Nancy Charlton nbcharlton at comcast.net
Fri Mar 11 23:15:45 EST 2011

These last few days I have been trying to remember just what was 
the occasion upon which John Shawcross emailed me privately about 
something I had posted on Milton-L.  It resides on a failed hard 
disk of an old computer, so I can't access it, but I do remember 
that it had to do with "Methought I saw." Now I notice that 
Hughes cited Mr Shawcross as having summed up the controversy as 
to whether the sonnet referred to Mary or Katherine, and then 
Hughes quotes him as saying that "it is only our sensibilities 
that make us feel that, if Mary was intended, the sonnet had to b 
written before the second marriage."

I think I had posted something about how moving was the last line 
of the sonnet, for indeed this is among the few places in the 
Milton canon where human pathos seems to break through, and as I 
recall Mr. S. pointed out that there is a very selfish or 
self-centered aspect to the line also.

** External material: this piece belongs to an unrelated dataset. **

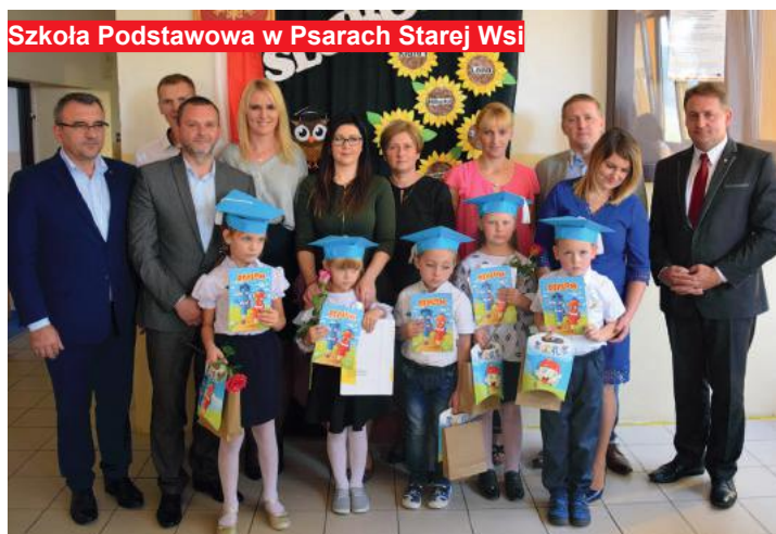
Szkoła Podstawowa w Psarach Starej Wsi

To paraphrase the quote 
above, it is only my own sensibilities that make me feel such 
sympathy for the poet.  It struck me that while a very rounded 
picture of this great scholar, editor, teacher, and human being 
was emerging from these encomia, there were very few quotations 
from JM himself.  Indeed, there aren't very many explicitly 
commemorative poems beyond the Epitaphium Daemonis, Lycidas, and 
a few of the sonnets.  PL, PR, SA,, however much they may face 
the issues of death, can be said to focus primarily on issues of 
life -- why and how to live it, why it matters.

Although I fail to think of an appropriate quotation from any of 
the major poems, the concluding lines of Milton's tribute to his 
father in Ad Patrem may sum up how so many feel about John Shawcross:

... Sit memorasse satis, repetitaque munera grato
Percensere animo, fiadeque reponere menti, ...
Forsitan has laudes, decanttumque parentis
Nomen, ad exemplum, sero servatitis aevo.

.. let it suffice that with a grateful mind I remember and tell 
over your constant kindnesses, and lay them up in a loyal heart. 
... perhaps you will preserve this eulogy and the name of the 
father whom my song honors as an example to remote ages.  (ll. 
112-114, 119-120.)

Thank God there has been such a man!